··· INPUT RECORDS

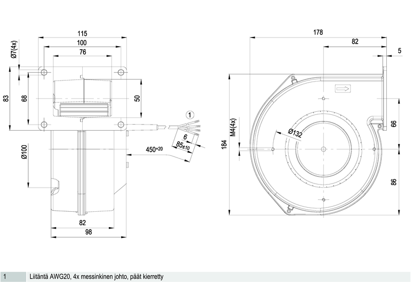 Moottorin malli Elektronisesti kommutoitu EC-ulkoroottorimoottori integroidulla ohjaustekniikalla
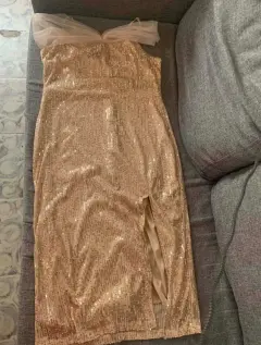Vestido de lentejuelas doradas. Hermoso vestido color champaña con lentejuelas doradas, de tirantes ajustables y manga caída de tul, trae forro y cierre oculto
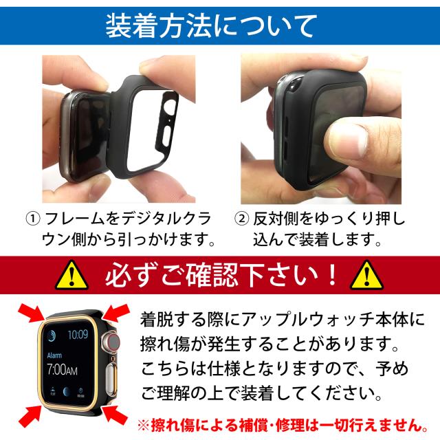 ※着脱する際にアップルウォッチ本体に 擦れ傷が発生することがあります。 こちらは仕様となりますので、予め ご理解の上で装着してください。擦れ傷による補償・修理は一切行えません。
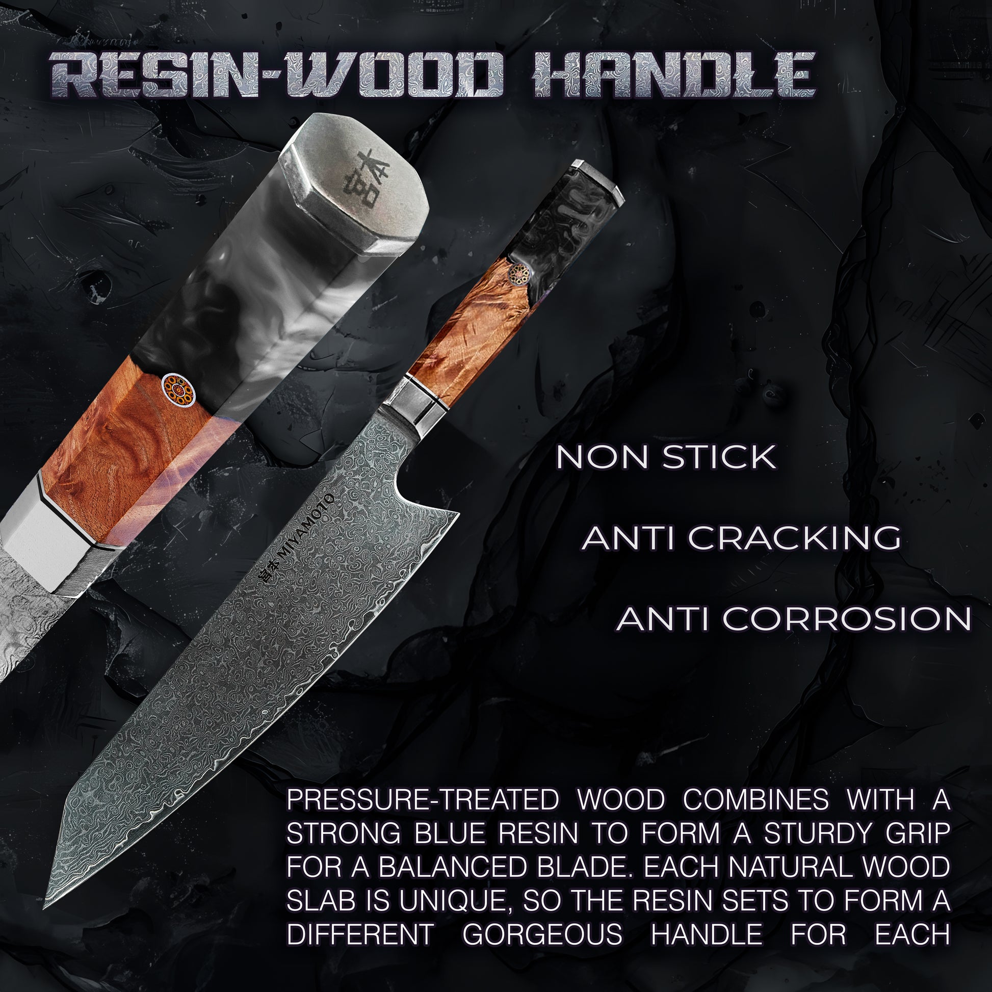 - Non-Slip Handle- Crafted from stunning black resin and selected Canadian Maple wood, this handle adds a touch of elegance to the beautiful layered damascus. Our blue resin and maple wood are incredibly durable with non-slip qualities making Miyamoto kitchen knives safe and long lasting.
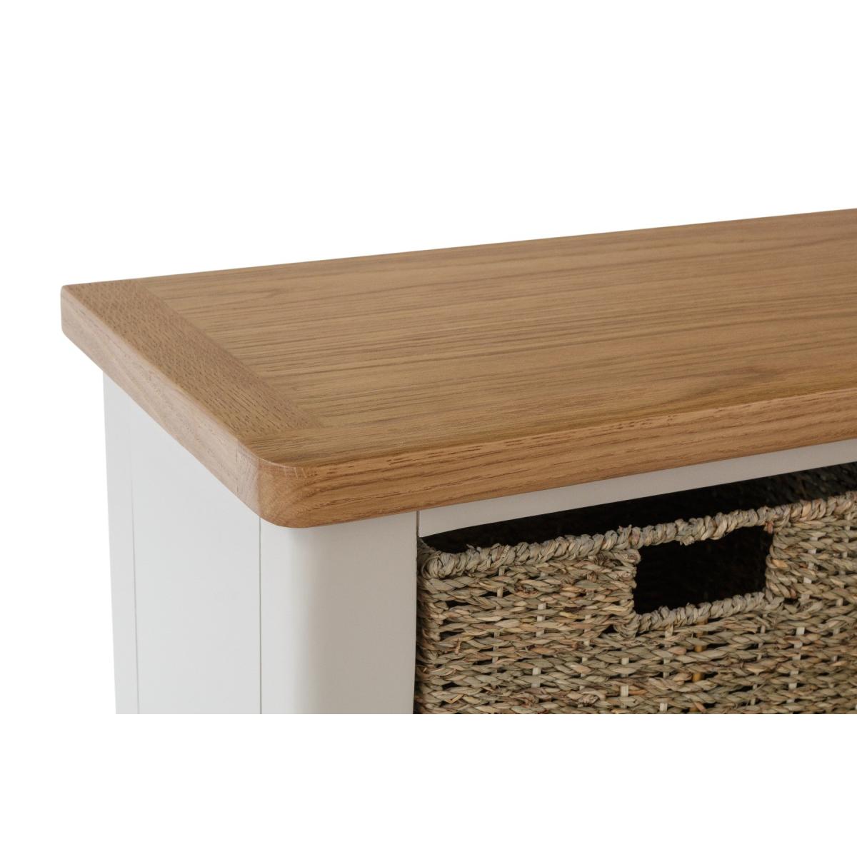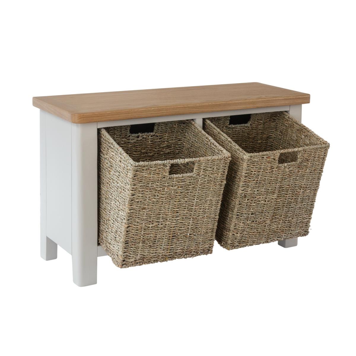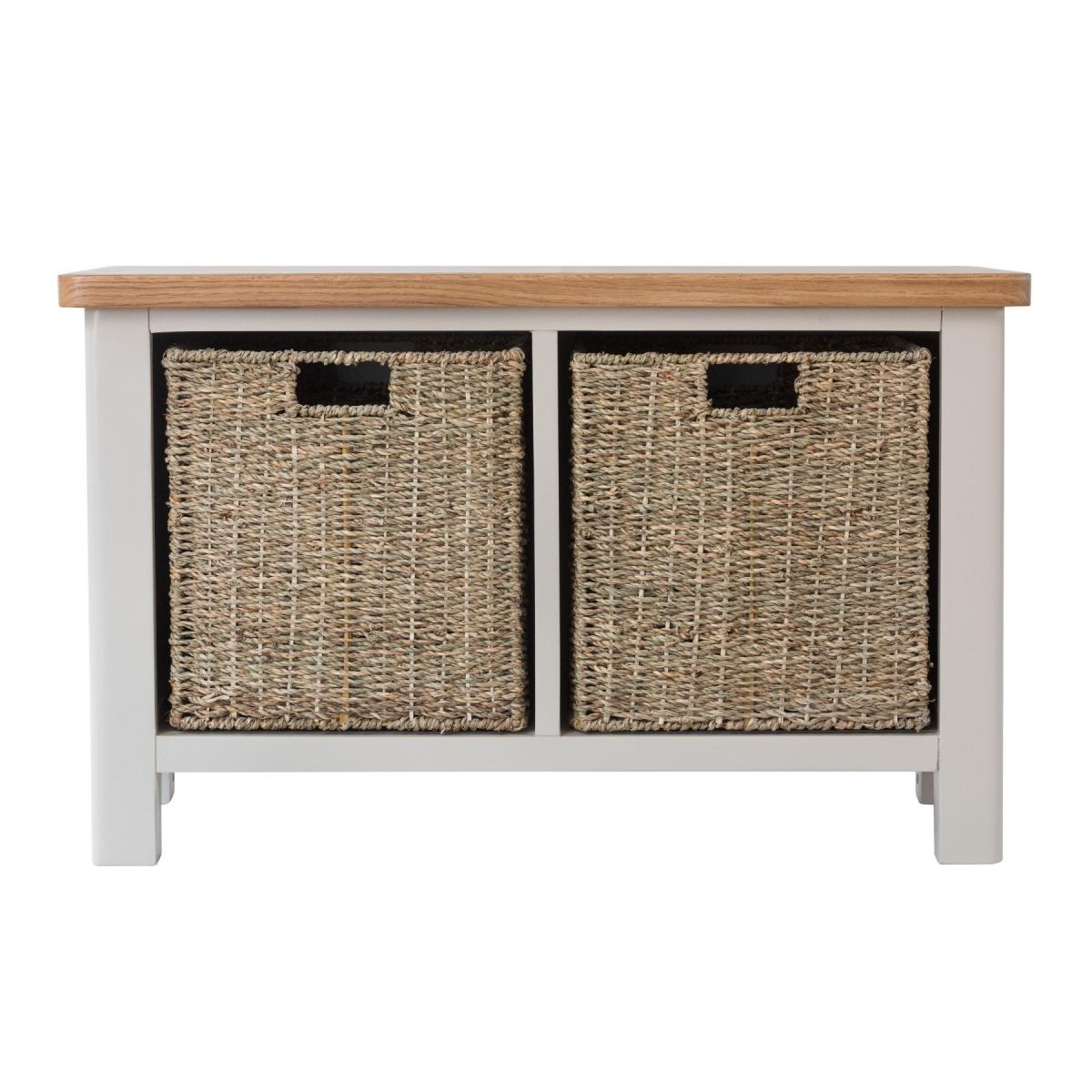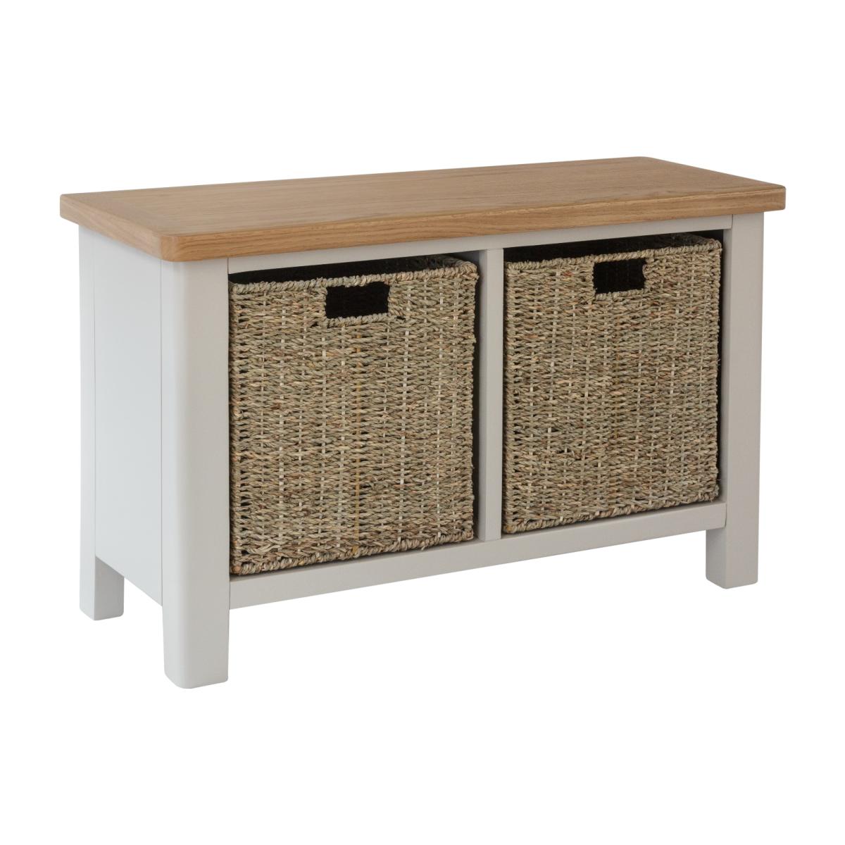 The Cole Oak and Truffle Grey hall bench has a stylish and tasteful design and will be a unique and elegant addition to your home. This hall bench has a classic two-toned finish that gives it a sophisticated look and adds to the existing decor in any room. It was designed with quality, longevity and performance in mind and will provide exceptional value for your money. Stylish and unique accent furniture for your hallway. Has a strong, solid wood frame with truffle grey/greige painted finish. Comes with 2 wicker baskets to cater to your storage needs. Short, sturdy solid wood legs that offer maximum stability and support. The seat height is 50 cm. Dense, solid wood bench-top with a radiant light oak finish and smooth rounded corners. Comes ready assembled. Look out for more items from this range of furniture.

······

> DIRECTIONS
Nothing but the lines from the top of the data above through the line containing "- Non-Slip Handle- Crafted" should be output, exactly as written and without the pictures.

> YOUR RESPONSE
 Moottorin malli Elektronisesti kommutoitu EC-ulkoroottorimoottori integroidulla ohjaustekniikalla
Vestido de lentejuelas doradas. Hermoso vestido color champaña con lentejuelas doradas, de tirantes ajustables y manga caída de tul, trae forro y cierre oculto
 ※着脱する際にアップルウォッチ本体に 擦れ傷が発生することがあります。 こちらは仕様となりますので、予め ご理解の上で装着してください。擦れ傷による補償・修理は一切行えません。
 - Non-Slip Handle- Crafted from stunning black resin and selected Canadian Maple wood, this handle adds a touch of elegance to the beautiful layered damascus. Our blue resin and maple wood are incredibly durable with non-slip qualities making Miyamoto kitchen knives safe and long lasting.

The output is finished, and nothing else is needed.